Его серебристые глаза сегодня были тусклыми и больше походили на олово. Кожа у него на лице была грубее, чем у двоих других, толще обычной; как будто он много времени проводил снаружи, и холод ее простегал.

Я вспомнила, что слышала под дверью.

– С чего это я пойду куда-то с тобой? Особенно одна.

Вместо ответа он кивнул в сторону охотничьего ружья, висевшего на крючках на стене, и я, не сумев удержаться, вскрикнула.

– Не психуй, – рассмеялся Криспин, садясь на скамейку, на которой мы обувались перед тем, как выйти, – просто прогуляемся. Тебе пойдет на пользу. Ты бледная как смерть, если не считать, ну ты знаешь…

Он покрутил пальцами возле своего лица, там, где у меня было родимое пятно.

– Ничего с тобой не случится, – улыбнулся он. – Не надо верить всему, что подслушаешь у замочной скважины.

Я залилась краской и открыла дверь пошире, чтобы остыли щеки.

– К тому же, – продолжал Криспин, – мне нужна помощь. Я не могу один обеспечивать нас всех белком. Том доит коз, все устраивает и копает. Элизабет выполняет свою работу – пора и тебе платить за то, что ты тут живешь. Можешь стать вроде как моей… ученицей.

Я напомнила себе о проекте Вползание в Доверие. Да ладно, сказала я себе, если ты способна защититься от Мика, от взрослого мужика, который, когда выйдет из себя, деревья валить может, четырнадцатилетнего мальчишки бояться незачем.
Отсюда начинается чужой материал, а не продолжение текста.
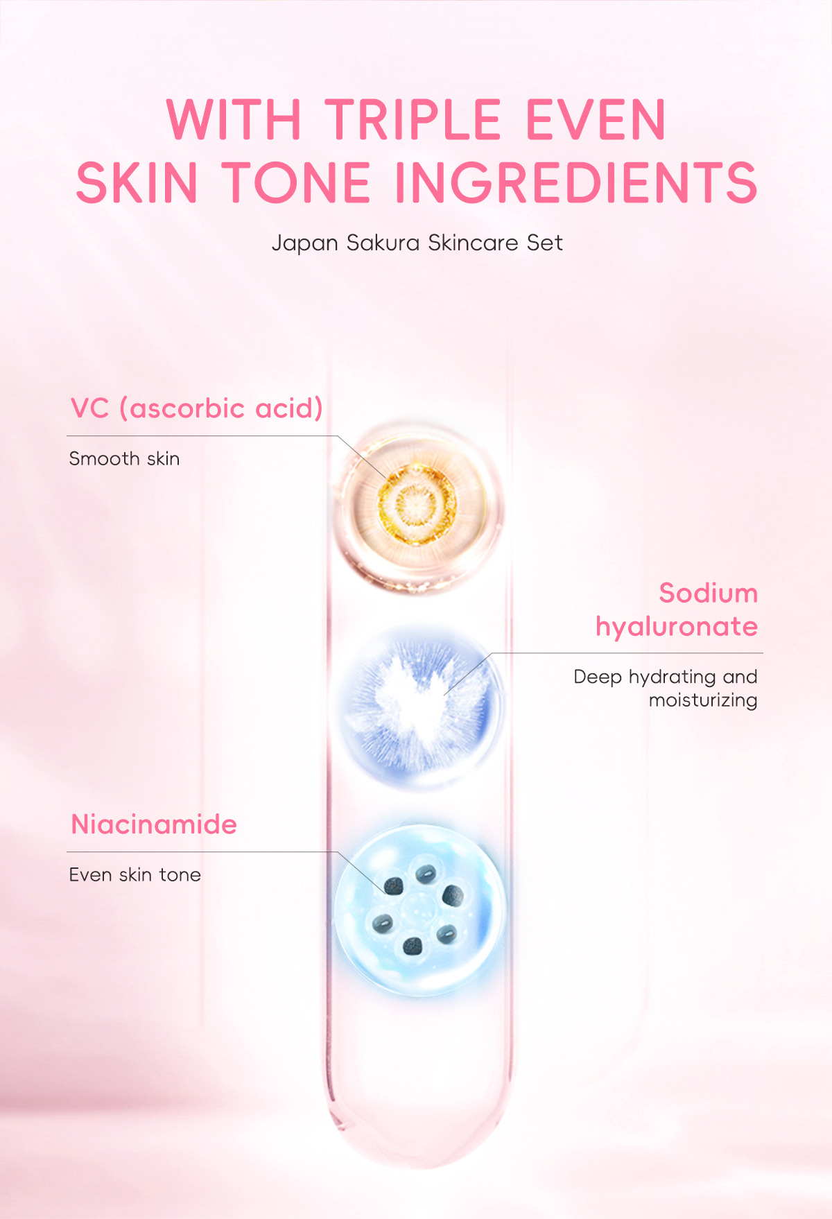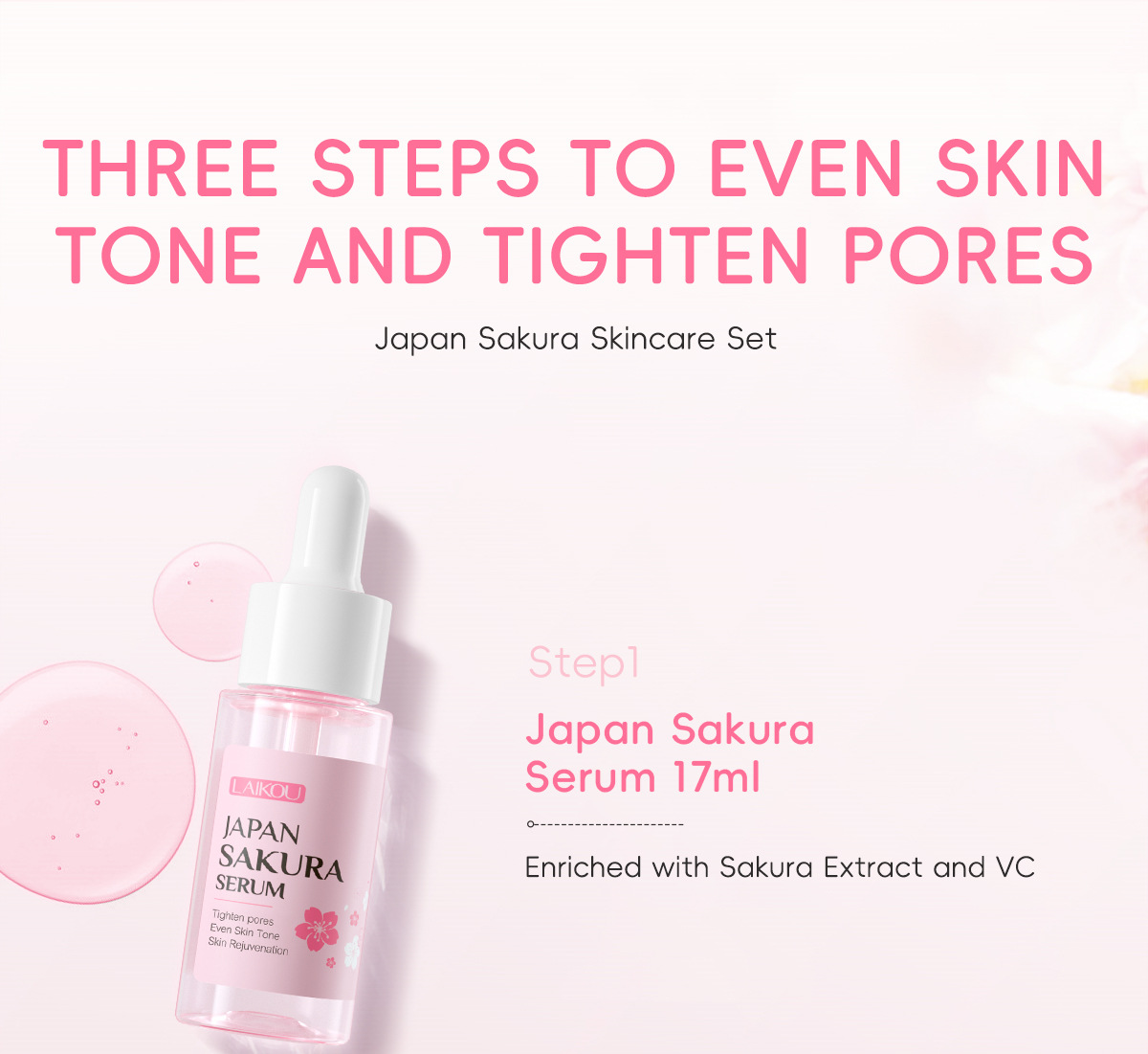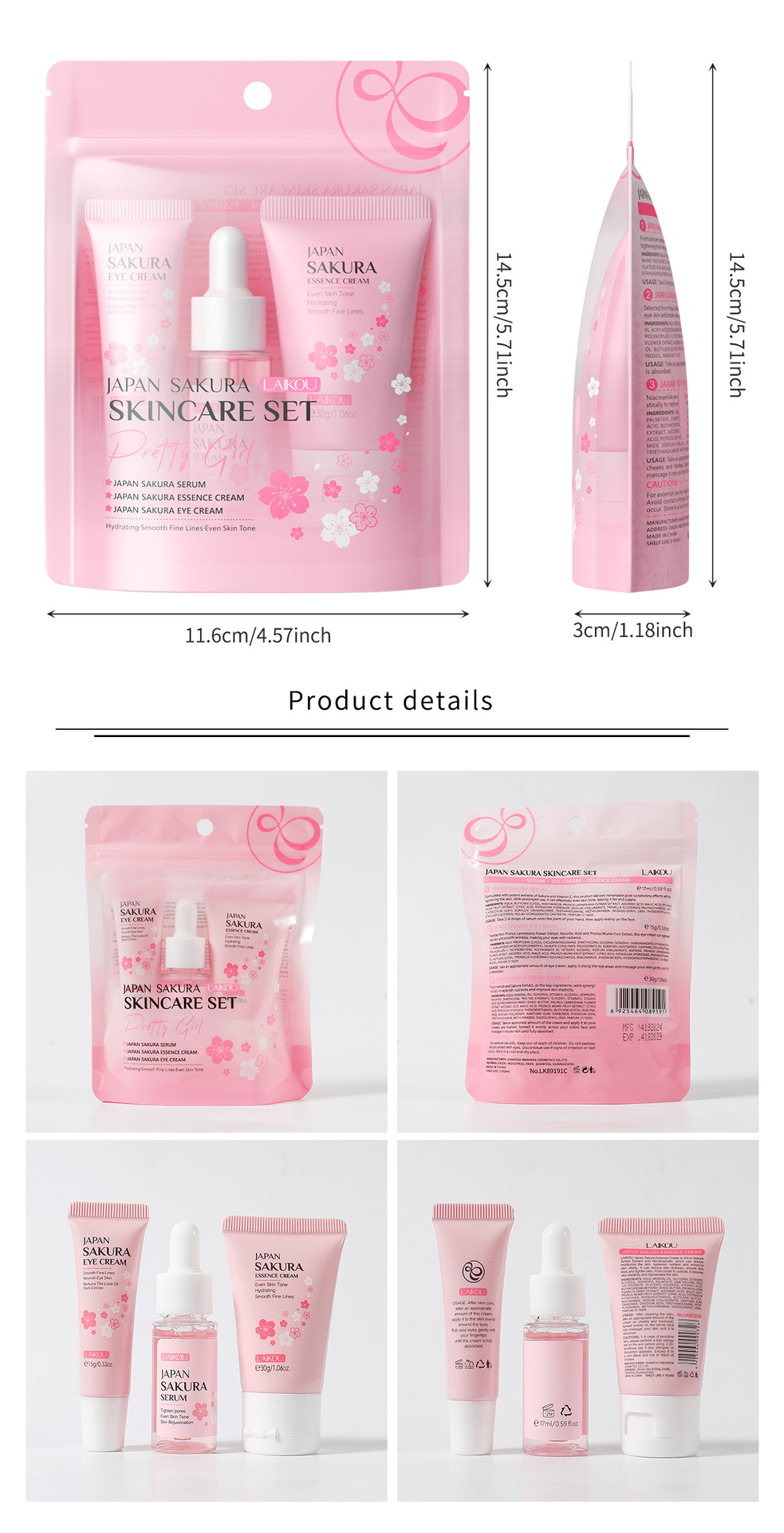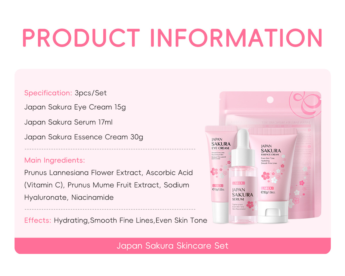 Japanese Sakura Skincare Set: 3 Pieces of Serum, Eye Cream, and Moisturizing Cream

Вот только он не был похож ни на одного четырнадцатилетнего из тех, кого я знала, и я почти решилась сказать ему, что никуда с ним не пойду, с ружьем особенно, но он снова кивнул в его сторону.

– Давай, будешь моим подручным.

Я сняла ружье и взвесила его в руках; оно было тяжелым и вместе с тем легко вскидывалось. Я вспомнила, как призналась Элизабет, что хочу научиться выживать. Осторожно повесила ружье на плечо.

– Умница, – сказал Криспин.

– Ты научишь меня стрелять кроликов?

– В общем, да. Ты всегда так быстро схватываешь?

Мы вышли на снег.

– Давай сначала зайдем, посмотрим, правда ли всех кур убили, – произнесла я.

Я не так боялась Криспина, когда у меня на плече висело ружье. Мне это напомнило ту ночь, когда я ушла в лес, выставив нож перед собой, и как он придавал мне храбрости, пока у меня в голове не всплыло слово «убийца», и все не погубило. Тут я задрожала, и ружье у меня на плече качнулось.

– Да умерли они, мертвее не бывает. Лисы, насколько я знаю, дурака не валяют.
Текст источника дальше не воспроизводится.